Семьюнко, собравшись с духом, поведал ему о боли своей сердечной, рассказал о встрече в Коломые, о красоте Оксаниной, о возвращённом браслете.

– И что, столь дорога тебе вдовушка эта соломенная? Друже, да брось ты! Иную найдёшь! – попытался ободрить его Ярослав. – Если нет у неё к тебе любви, гак оно потом проявится. Жизнь себе испортишь, и ничего более. Пусть сидит на богатстве своём, как Иов на куче дерьма! Забудь ты её!

Семьюнко слабо улыбнулся в ответ, качнул рыжеволосой головой, промолвил тихо:

– Извини, княже, но не могу покуда. Запала в душу мне.

Он поклонился и выбежал в дубовые двери, унося с собой боли и страдания свои.

Ярослав долго смотрел ему вслед, а затем сел на скамью и, подперев рукой щёку, предался невесёлым раздумьям.

Не испытал он доселе любви, яркой, светлой, такой, чтоб обожгла, чтоб осветила и очистила его, чтоб душа в душу, сердце в сердце. Иной раз проезжал на коне по подолу градскому, смотрел на какую стройную молодицу, любовался красотой её и грациозными движениями, и хотелось посадить такую впереди себя на конь, расцеловать в ароматные щёчки, зарыться лицом в каскад волос, ощущая их невинный запах – запах юности и счастья. Или даже в хоромах княжьих – вон сколько красовитых холопок. Но князь и холопка – нет, ни за что! Тогда, выходит, не познать ему никогда того даже, что испытывает сейчас Семьюнко. Выходит, отрок счастливее князя!
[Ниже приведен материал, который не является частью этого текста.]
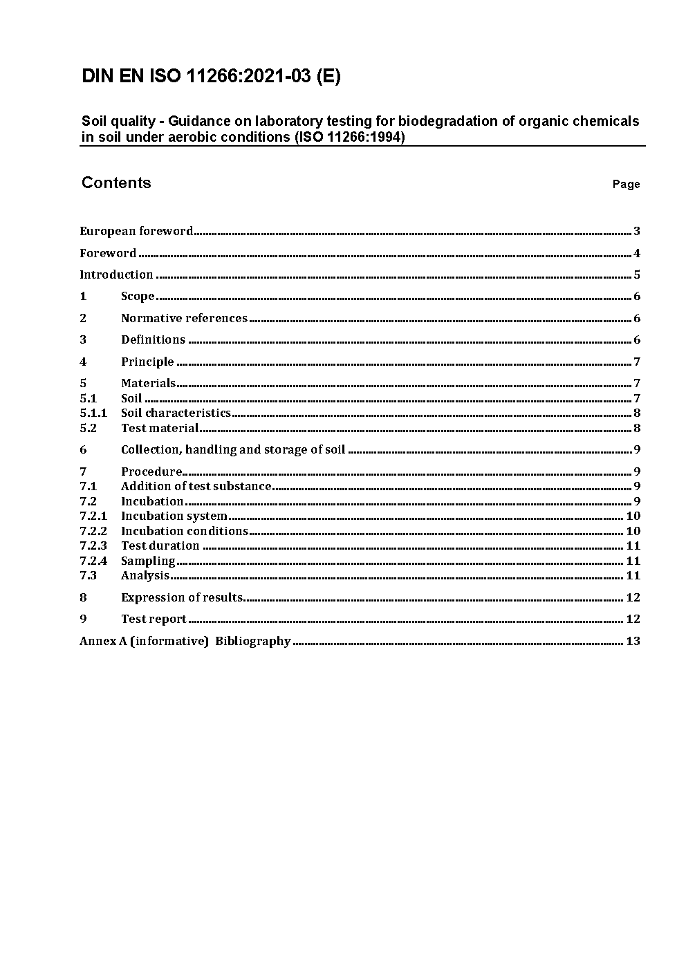 Bodenbeschaffenheit - Anleitung für Laboratoriumsuntersuchungen zur biologischen Abbaubarkeit von organischen Chemikalien im Boden unter aeroben Bedingungen (ISO 11266:1994); Deutsche Fassung EN ISO 11266:2020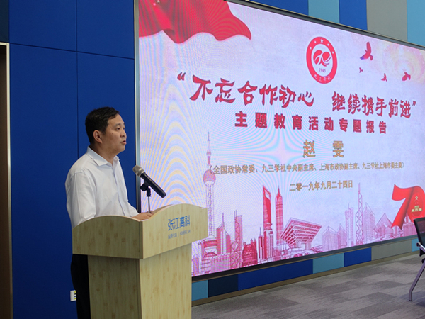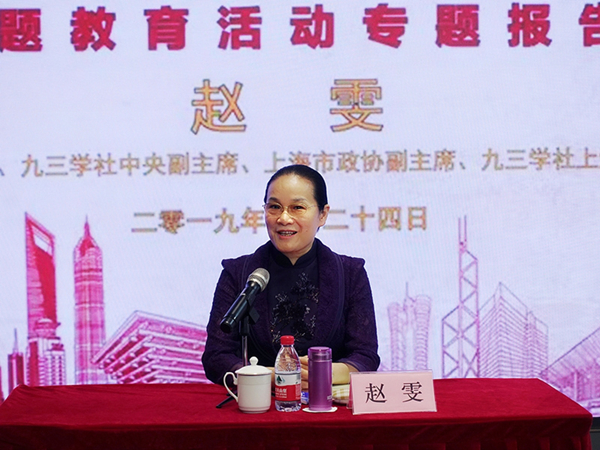 9月24日上午,九三学社中央副主席、上海市政协副主席、社市委主委赵雯专程赴浦东,为社员们做“不忘合作初心,继续携手前进”主题教育活动专题报告。社市委副主委周锋、钱锋出席,社浦东区委主委、浦东新区科经委主任唐石青主持会议。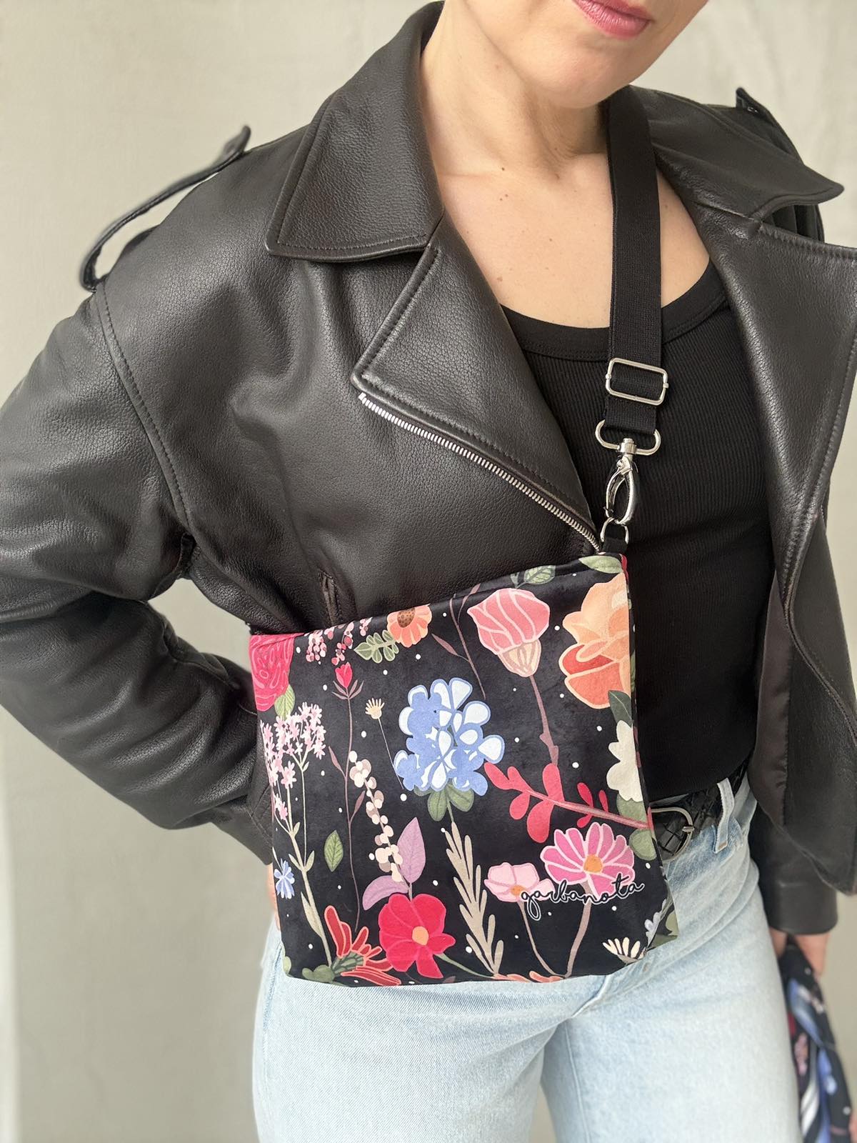 RANKINĖS PER PETĮ lengvos ir talpios. Patogiai gula ant peties. Viduje garbanota pamušalas ir kišenė.
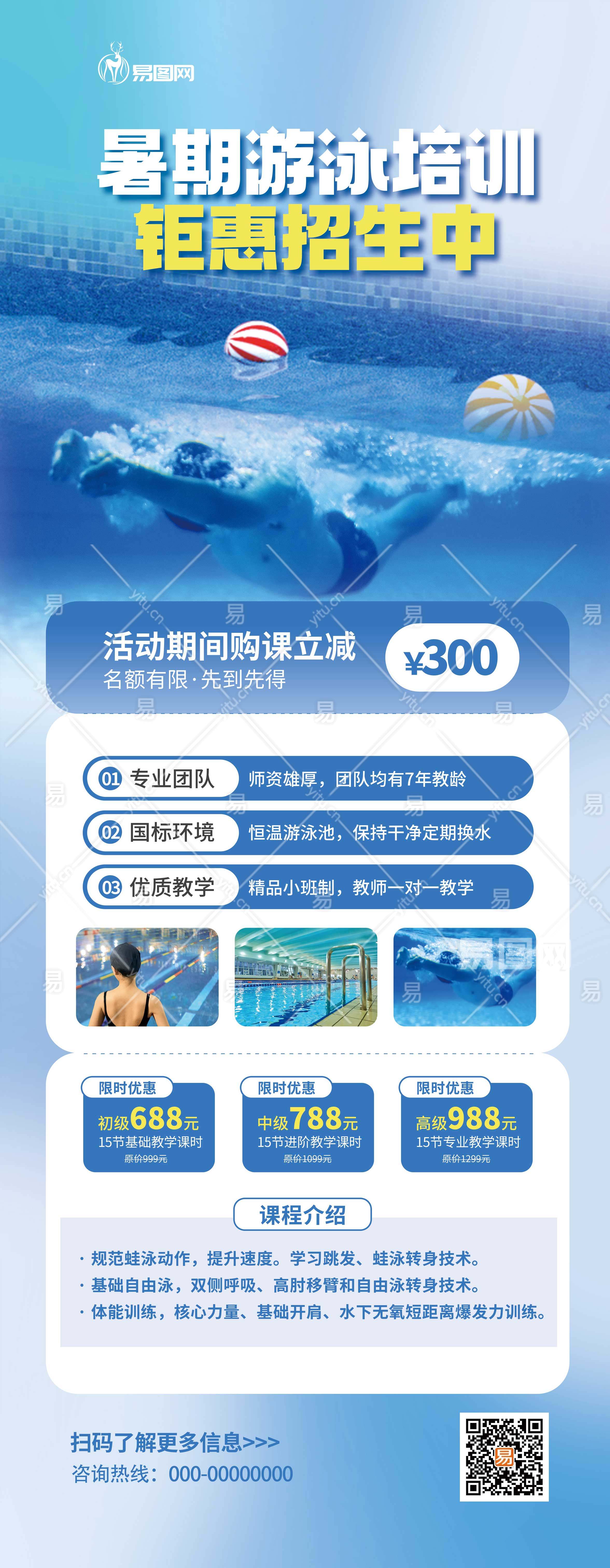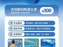 蓝色夏季暑期游泳馆培训班促销易拉宝展架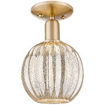 The Preston Globe Semi Flush Ceiling Light brings timeless elegance to your interior space. Its sleek frame supports a fluted, globe shaped handblown glass shade that diffuses a warm, inviting glow throughout your room.

Или придёт она к нему, любовь, раскроет врата, опалит жар-птицей, просто не дожил он до неё, не дорос, не постиг. А может, прошёл мимо, не заметил? Да нет, этого не заметить нельзя. Ждать надо! И надежду питать. В конце концов, ему ведь только двадцать девять.
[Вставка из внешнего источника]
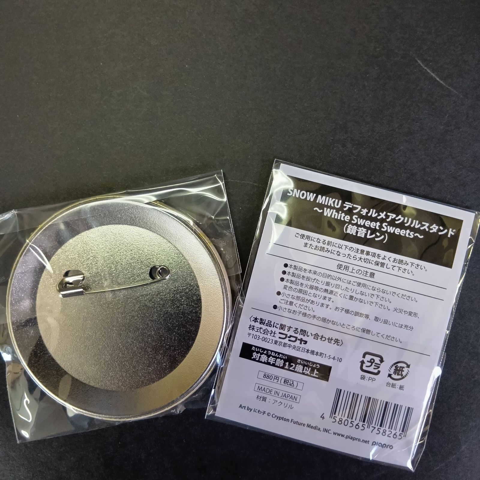 アクリルスタンドと缶バッチのセットです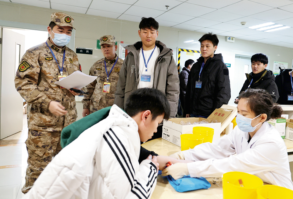 2月上旬,山东省日照市东港区征兵办组织应征青年上站体检。杨建强 摄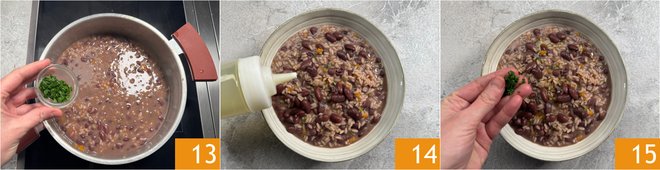 Once cooked, turn off the heat, add the chopped parsley 13, and stir. Taste and, if necessary, adjust the salt and pepper. Plate, complete with a drizzle of raw oil 14, and a sprinkle of chopped parsley 15. Your rice and beans are ready to be enjoyed!
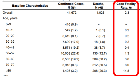조사 결과를 바탕으로 한 연령별 증상과 수치, 치사율도 자세하게 발표하고 있습니다. 다음은 그 목록입니다. 각 연령대 별 Confirmed Cases(감염 확인자 수), Deaths(사망자 수), Case Fatality Rate(치사율)이 기록되어 있으며, 괄호 안의 숫자는 모두 '전체의 몇 퍼센트?'의 수치입니다. 치사율을 보면 10세 미만 사망자는 없습니다. 10대 ~ 30대 치사율은 0.2%, 40대 0.4%, 50대 1.3%, 60대는 3.6%, 70대 8%, 80세 이상은 14.8%. 전체적인 치사율은 2.3%입니다. 이 결과에서 연령이 높아짐에 따라 COVID-19의 치사율은 급격히 상승하는 것을 알 수 있습니다.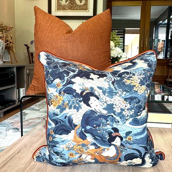 Japanese geishas form the focal point of this Eastern design that is printed on a soft viscose-linen base.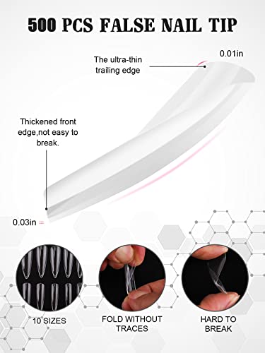 EBANKU 500 Pezzi Unghie Finte con Solid Colla, Colla per Unghie Extra Forte Stiletto Unghie Tips Set con UV LED Mini Lampada Unghie Lime per Unghie Finte Tagliagunhie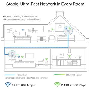 HomePlug AV2 Standard 3 gigabitové porty Konfigurácia Wi-Fi jedným dotykom Plug and Play Dvojpásmová Wi-Fi AC1200 Rýchlosť až 867 Mb/s na 5 GHz a 300 Mb/s na 2,4 GHz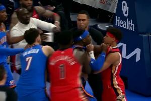 GIF-雷霆鵜鶘比賽都結束了 雙方爆發沖突 多特費爾斯互掐 費爾斯多次沖鋒被攔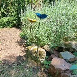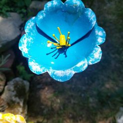 Over de maker van de tuinsteker grafdecoratie blauwe bloem

А как же Ольга? Куда её девать? Как далека она от его чувств! Грубая, похотливая, растолстевшая, словно откормленная кобылица на вешнем степном лугу. Почему мир так устроен? Не вольны они, князья, выбирать, не их удел – девы подольские. Власть требует жертв. Но другим же ведь везёт! Вон, говорят, Мстислав, души в своей Агнешке не чает! Какое, наверное, счастье это великое – знать, что ждёт тебя дома жалимая, одна-единственная женщина, которой готов ты все царства к ногам бросить! Не то что дочь Долгорукого – сварливая грубая баба, хитрая, исполненная едких насмешек!

Хотелось жить, любить, верить в свет будущего.

Он опять стоял на коленях перед Богородицей. Он молил послать ему любовь – светлую и чистую, как солнечный луч. И проникался верой, что грядёт она, грядёт непременно.

Пока же надо было творить земные дела.

ГЛАВА 31

Под Луцком стояли недолгое время. Изредка ратники лениво перестреливались, кричали друг дружке обидные слова, переругивались, но до серьёзных действий не доходило. Жара стояла на берегах болотистой Стыри, медленно журчали водяные мельницы в пригородных сёлах, шумела листвой роща, близ которой располагался Гай – загородный дом луцких князей.

Высоки и крепки дубовые стены Луцка. А вокруг стен – рвы с водой, болонье болотистое, рядом – окольный город, тоже добротно укреплённый.

Из соседнего Владимира-на-Луге подоспел с ратью на подмогу Ярославу князь Владимир Мстиславич. Приходился он молодшим братом покойным Изяславу и Святополку, был молод – лет от роду имел всего двадцать пять, и, видно, как и Ярослав, исполнял грозный приказ Долгорукого без особой охоты. На галицкого владетеля посматривал он заискивающе, всё жаловался на бедность свою и бескормицу, всё вздыхал.

Вослед князю своему вздыхали бояре, простые же ратники нехотя объезжали луцкую твердыню и качали только головами да причмокивали языками: крепкая, мол, крепость. Как будто не на войну явились волыняне, а только чтоб показать малость свою и пожаловаться на то более богатому и сильному соседу.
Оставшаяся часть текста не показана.